New Delhi: As global investors shift focus from India to the stock exchanges of China, Taiwan, South Korea and Brazil, there was some bad news for Indian markets on Wednesday.
In a reflection of bearish investment sentiment and growing concerns about the pace of reforms in India, HSBC on Wednesday cut its rating of Indian shares to “underweight” from “overweight”, saying markets were over-owned at a time when earnings were expected to slow and the scope of interest rate cuts were diminishing. The downgrade to underweight is the first by a major foreign bank since Indian shares began a rally last year that culminated with the NSE and BSE indexes hitting record highs in early March.
The downgrade comes at a time when foreign investors have sold nearly $2.2 billion worth of cash shares in the last 16 sessions, excluding Japan’s Daiichi Sankyo’s block sale of Sun Pharmaceutical Industries shares.
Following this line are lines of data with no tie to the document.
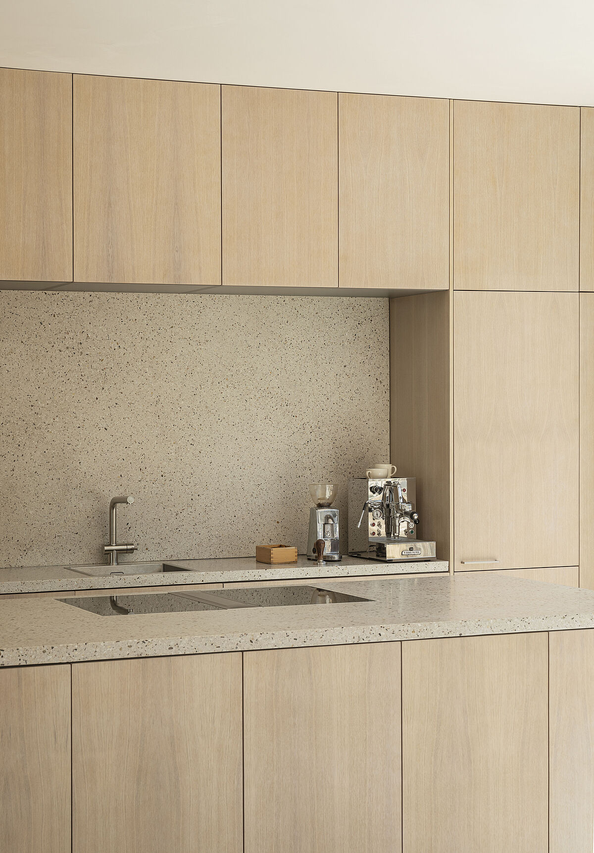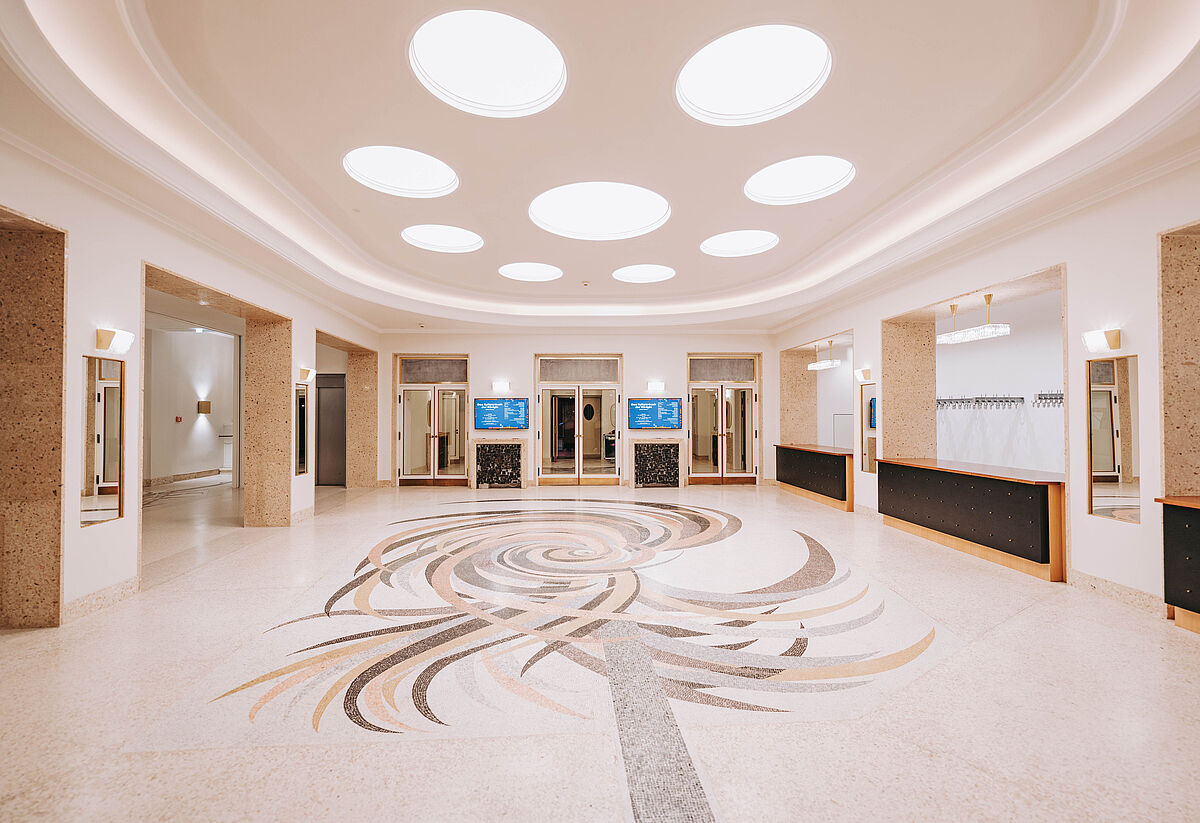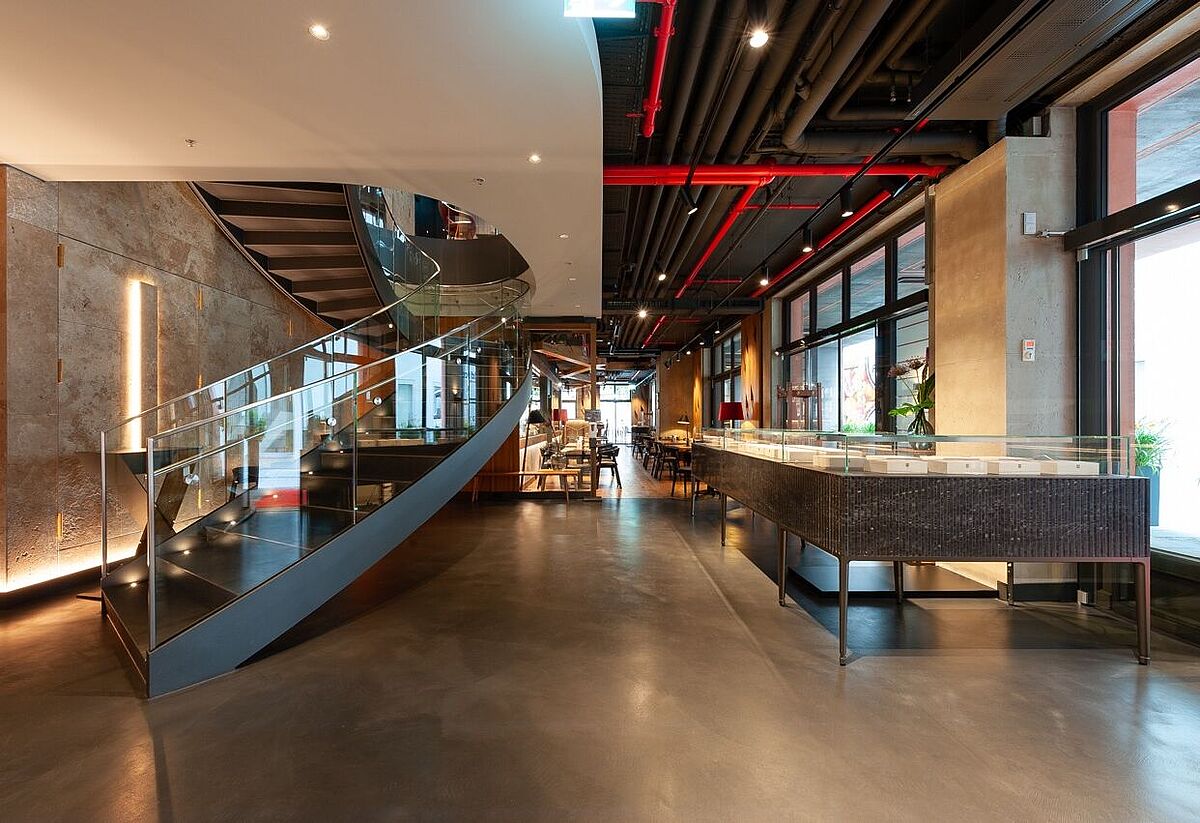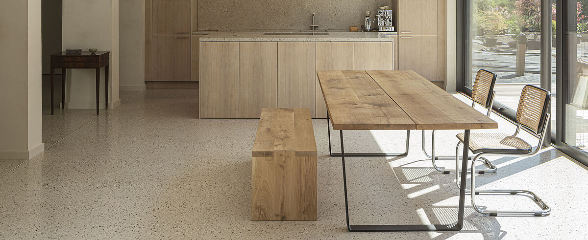 Daher verwendet er in seinen Projekten gern langlebige, hochwertige Materialien, wie PANDOMO Terrazzo. Durch die regionalen Zuschlagsstoffe, wie z.B. Rheinkies mit Frankfurter Quarz, wirken Terrazzo-Oberflächen von Natur aus lebendig, besonders wenn das Licht auf sie fällt.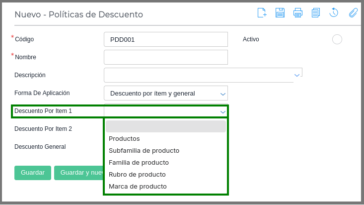 - Nombre: el selector muestra las políticas de descuento previamente creadas y registradas.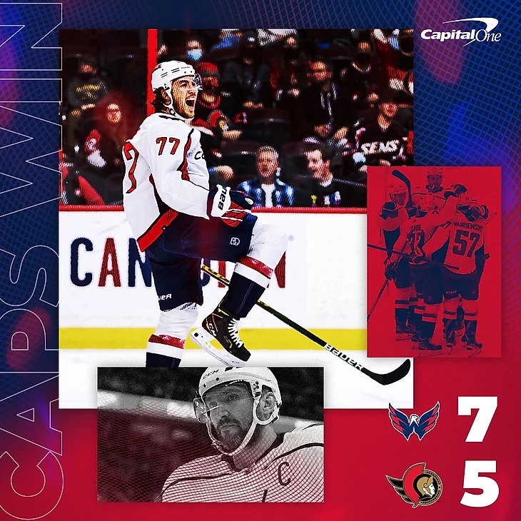 "Оттава Сенаторз"-"Вашингтон Кэпиталз" 5:7.Ти-Джей Оши забросил 3 шайбы,Александр Овечкин забросил 2 шайбы,Коннор МакМайкл отдал 2 результативные передачи,Дмитрий Орлов отдал результативную передачу,Илья Самсонов отразил 32 броска.У хозяев Дрейк Батерсон набрал 4 очка (3+1),Джош Норрис набрал 2 очка (1+1),Томас Шабо отдал 2 результативные передачи,Антон Зуб отдал результативную передачу.В 3 периоде Брэди Ткачук и Томас Уилсон получили по 10 минут штрафа.

The shine has come off Indian markets over the past few weeks as anger over minimum alternate tax (MAT) claims against FIIs badly hit sentiment at a time of rising volatility in global markets. Worries about the slowing pace of reforms have also contributed to the falls.
On Tuesday, despite initial claims about the GST Bill being passed by the Rajya Sabha, the government backed down and referred the matter to a Select Committee, delaying by a few months one of the biggest tax reforms of recent times. The situation was no different for the Land Acquisition Bill, which will now go to a Joint Committee of Parliament where it will be debated and perhaps amended. Although HSBC did not refer to the reforms process or it being stalled in its note, it recommended investors cut their positions in India. “India remains one of the most over-owned markets in Asia, but earnings growth is slowing and there is little room for further rate cuts,” HSBC said in its note.
That marks a reversal of the heavy foreign buying of Indian shares since 2014 that had made the country “the most liked” among emerging markets, according to a Citigroup note this week. Global investors are now shifting their funds to emerging markets such as China, South Korea and Taiwan.
In a related development, global rating agency Moody’s said Indian PSU banks will need years to improve their credit profiles. “A longer time-frame is needed for the credit profiles of public-sector banks to improve, because their asset quality is tied to the slow, multi-year recovery of corporate balance sheets and the lagging recognition of associated credit costs,” Moody’s Vice President & Senior Credit Officer Srikanth Vadlamani said in a report.
The overall debt servicing metrics of Indian corporates are weak, which exhibit very high debt levels and will require years to improve, he said. Improvement in credit profiles of Indian public-sector banks, which account for more than 70% of total banking system assets in India, will be achieved only in the medium-term, given their high levels of impaired loans and weak capital positions, the report said. “The improvement in the asset quality of Indian public sector banks for the fiscal year ended March 31 was marginal and much weaker than we had expected at the start of the same year,” said Vadlamani.